Peter Cochrane: Tackling fake news and propaganda with AI and machine learning
This year saw the first global 'datathon' to apply natural language processing to identify 'fake news'. Professor Peter Cochrane was there as an advisor
Every now and then, serendipity draws me into something new, unusual and exciting. And so it was that following my previous opinion article on the Truth Engine I received an invitation to become an advisor to the first global datathon to apply ‘natural language processing' (NLP) to a representative sample of fake news and propaganda, all of which that has appeared in the media and on social networks.
The event was co-organised by The Data Sciences Society and QCRI Qatar, with dedicated platforms hosted in Doha, Bangalore, Riyadh and Sofia. A foundation component of the Datathon was the QCRI/MIT-CSAIL Tanbih project, focussed on detecting bias, and propaganda in news publications.
By the time I was engaged as an advisor more than 200 participants across 30 countries had already registered and formed 40 teams of students and professionals. Their primary Datathon challenge was as follows:
"To develop intelligent systems able to classify entire articles and text fragments as propagandistic or not"
All the teams were challenged by the same standardised AI training datasets comprising 451 news articles with sentence-level annotations indicating the content as propaganda or not. And they had fewer than five days (and nights) to come up with workable solutions, demonstrably viable capabilities, fully compiled reports, and report back/present to the judges.

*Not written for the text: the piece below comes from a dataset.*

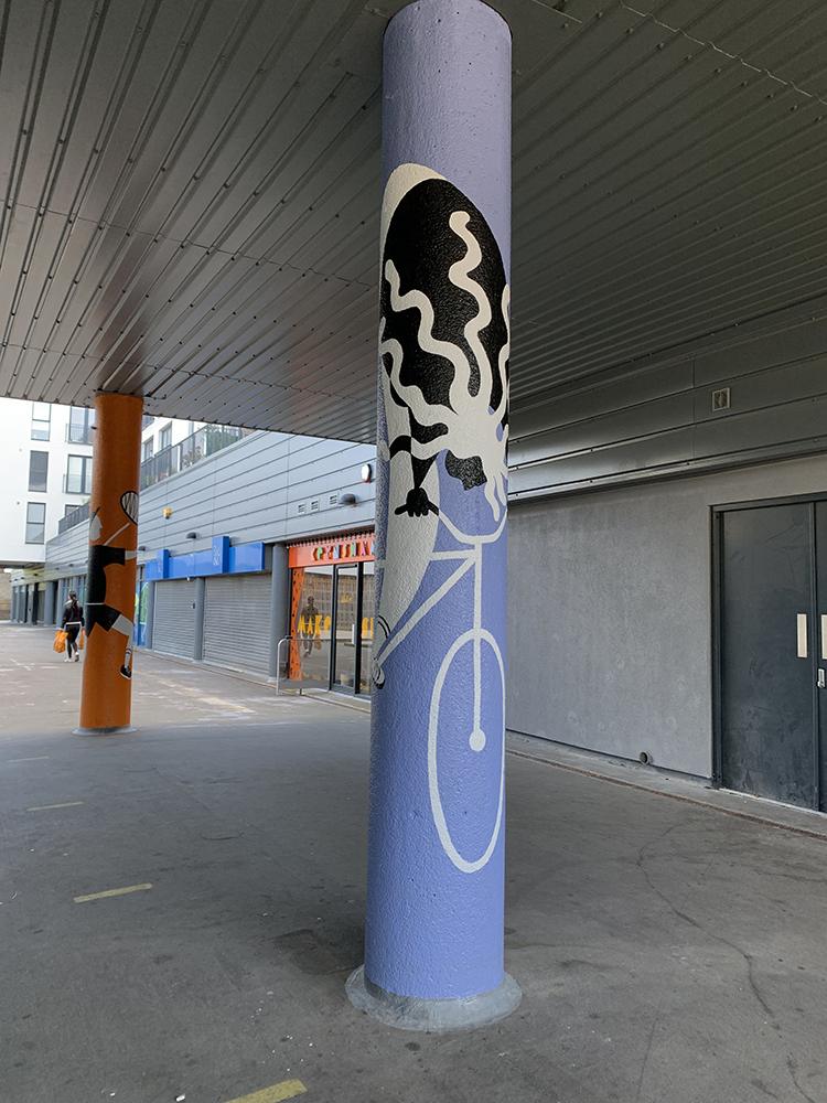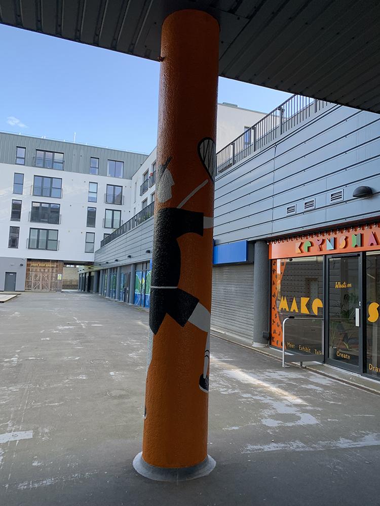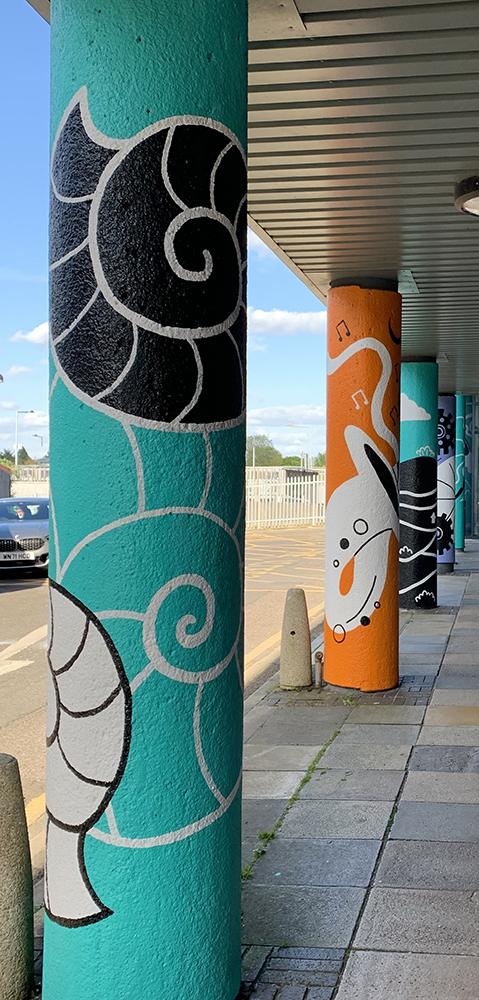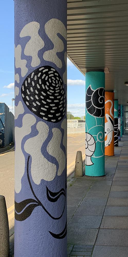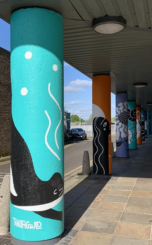 Bath & North East Somerset Council approached Upfest to enliven a dull grey walkway leading from Keynsham High Street to independent shops and the main gym of the town. Tanith Gould took on the commission and with careful consideration brought to life the pillars with nods to all aspects of Keynsham’s history, culture, heritage and wildlife.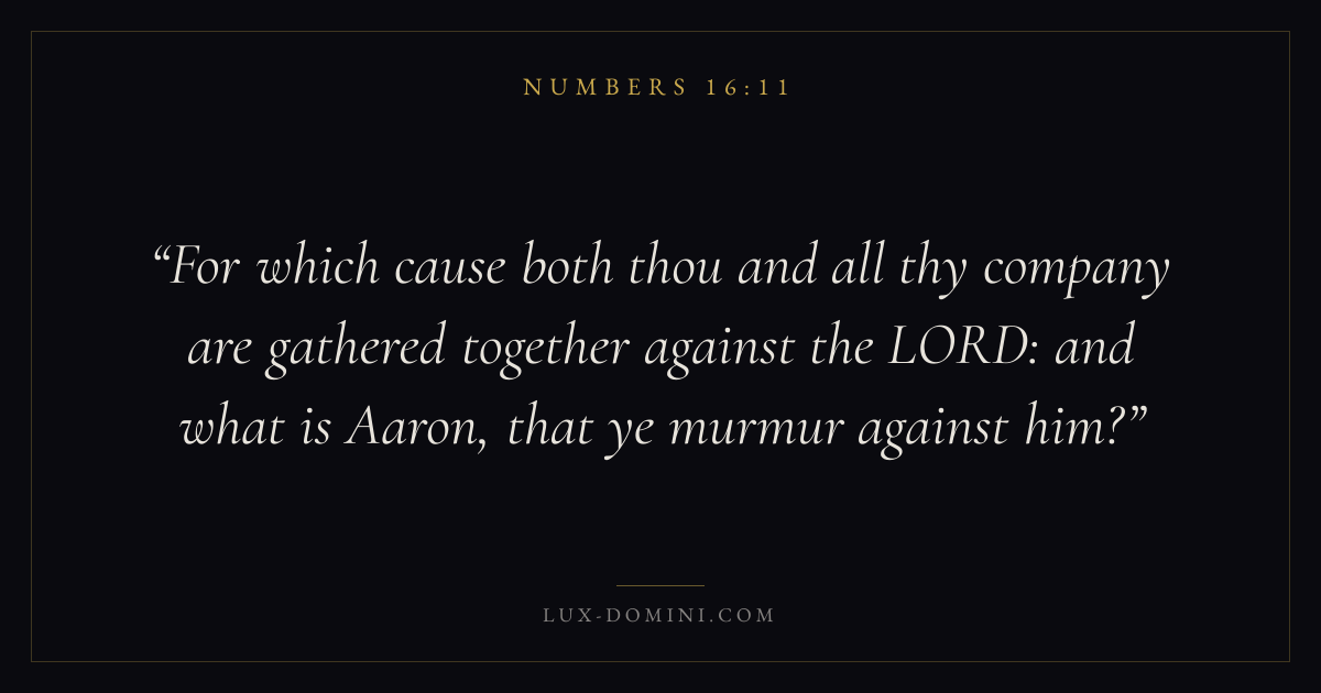 For which cause both thou and all thy company are gathered together against the LORD: and what is Aaron, that ye murmur against him?

The basic thinking of the organisers is further exemplified by the following definitions and categories:
Propaganda and fake news definition: The spreading of ideas, facts, or allegations deliberately to influence opinions with reference to predetermined ends.
Or, as PolitiFact would have it: "Fake news is made-up stuff, masterfully manipulated to look like credible journalistic reports that are easily spread online to large audiences willing to believe the fictions and spread the word."
And for CBS: "Stories that are provably false, with enormous traction in the culture, and consumed by millions of people".
Difficulty level 1: Build an intelligent system able to detect any propagandistic article;
Difficulty level 2: Detect whether each of sentences propagandistic or not; and,
Difficulty level 3: Locate and identify each propagandistic technique.
So, how did the teams do? The top ten achieved detection accuracies just below or just above a remarkable 86 per cent. This surprised everyone, including me.
How did they do it in such a short time? They configured standard, or readily available, NLP engines and/or components with AI packages that learned to identify emergent patterns of words, phrases, statement and headline types.
If AI is good at anything it is pattern recognition and matching. This is a particularly important quality when identifying patterns hidden in massive data sets that escape human ability. The big question now is; could we significantly improve on these results?
My guess is that the old engineering mantra applies: You get 80 per cent of the result for 20 per cent of the effort, and achieving 100 per cent is probably impossible.
The reality is that fake news and propaganda will most likely need five to ten distinctly different techniques applied at the same time, as inferred in my previous article: How to Build a Truth Engine.
Here, I identified fact checkers and long-term historical analysis of publications and behaviours, employment, employer, organisation, motivation, and hidden agendas as accessible and workable trending metrics. I am now adding AI applied to NPL to that list.
If there is a negative here it has to be the ‘dark side' watching and accessing the Hackathon in order to learn about new defence strategies. However, the good news is that human habituality is very hard to hide, and AI will continue to learn and adjust accordingly in near real time. So I think this is a war we might just win provided we consolidate our global resources.
Professor Peter Cochrane OBE is the ex-CTO of BT, who now works as a consultant focusing on solving problems and improving the world through the application of technology.